INFORMATION SUPPLIED
((

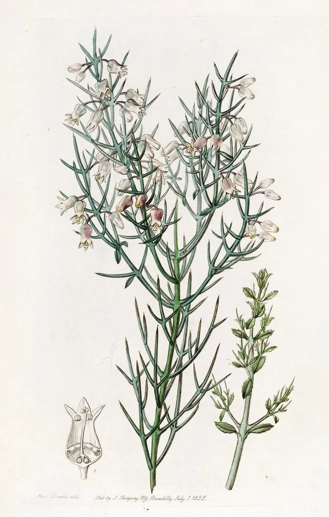 Sydenham Edwards, actif au début du XIXe siècle, est reconnu comme l'un des premiers illustrateurs botaniques de son temps. Formé à la botanique et à l'art, il a su allier ces deux passions pour créer des œuvres d'une précision remarquable. Ses illustrations, dont la Colletia hérissée, témoignent de l'engouement de l'époque pour la classification des plantes et la découverte de nouvelles espèces. Influencé par les voyages d'exploration et les avancées scientifiques, Edwards a contribué à la diffusion des connaissances botaniques à travers ses œuvres. Son héritage perdure, faisant de lui une figure incontournable de l'histoire de l'art botanique.
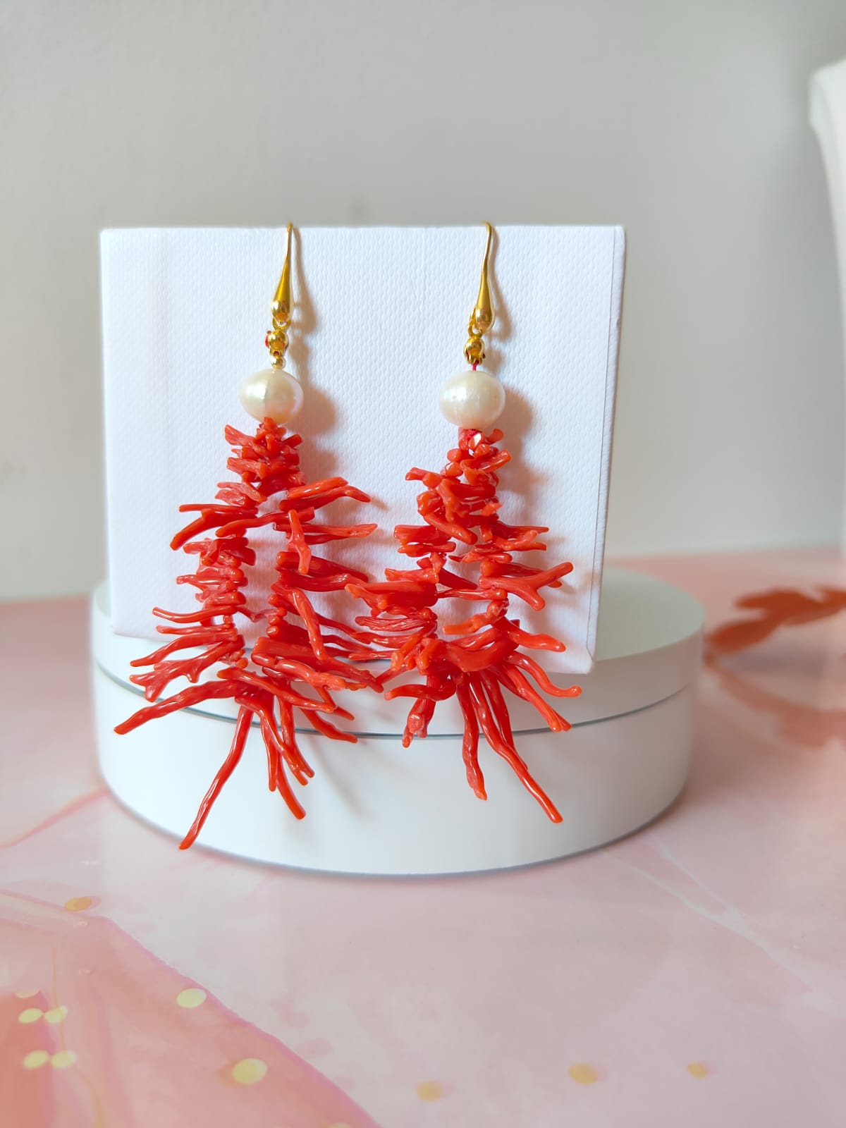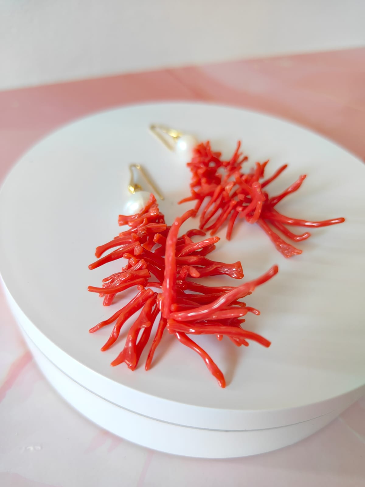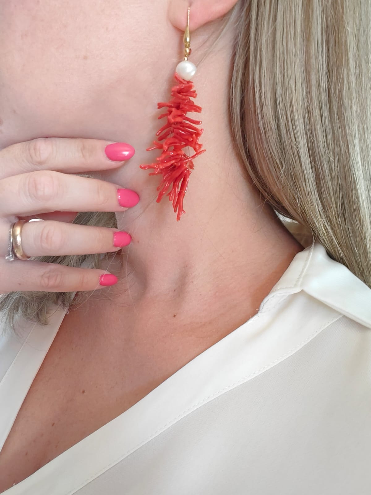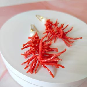 Gli orecchini corallo rosso sono un omaggio autentico alla bellezza del Mediterraneo. Un design audace e ricco di fascino, pensato per chi ama distinguersi con stile. Ogni pezzo è realizzato con veri rami di corallo rosso, modellati in una composizione scultorea e arricchiti da una perla naturale incastonata sopra ogni ramo. La monachella, in argento 925 dorato, completa la creazione con una nota preziosa e delicata.
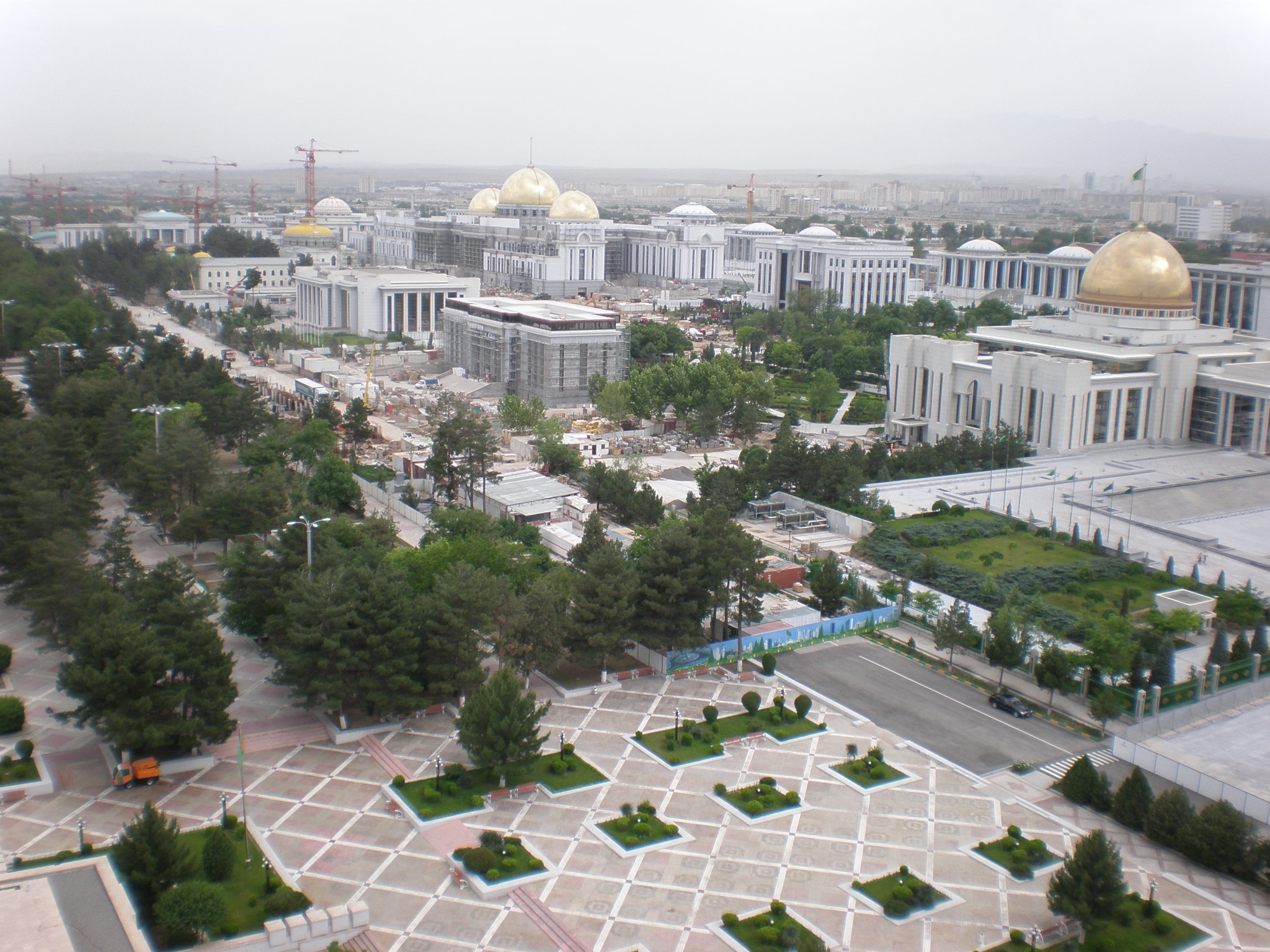 Een overzicht over de marmere jungle van Ashgabat. Zeer onwezelijk. --- A view at the marble jungle of Ashgabat. Very unreal.

))

Only the text of the listing above should be copied, exactly and with pictures left out.

 Sydenham Edwards, actif au début du XIXe siècle, est reconnu comme l'un des premiers illustrateurs botaniques de son temps. Formé à la botanique et à l'art, il a su allier ces deux passions pour créer des œuvres d'une précision remarquable. Ses illustrations, dont la Colletia hérissée, témoignent de l'engouement de l'époque pour la classification des plantes et la découverte de nouvelles espèces. Influencé par les voyages d'exploration et les avancées scientifiques, Edwards a contribué à la diffusion des connaissances botaniques à travers ses œuvres. Son héritage perdure, faisant de lui une figure incontournable de l'histoire de l'art botanique.
 Gli orecchini corallo rosso sono un omaggio autentico alla bellezza del Mediterraneo. Un design audace e ricco di fascino, pensato per chi ama distinguersi con stile. Ogni pezzo è realizzato con veri rami di corallo rosso, modellati in una composizione scultorea e arricchiti da una perla naturale incastonata sopra ogni ramo. La monachella, in argento 925 dorato, completa la creazione con una nota preziosa e delicata.
 Een overzicht over de marmere jungle van Ashgabat. Zeer onwezelijk. --- A view at the marble jungle of Ashgabat. Very unreal.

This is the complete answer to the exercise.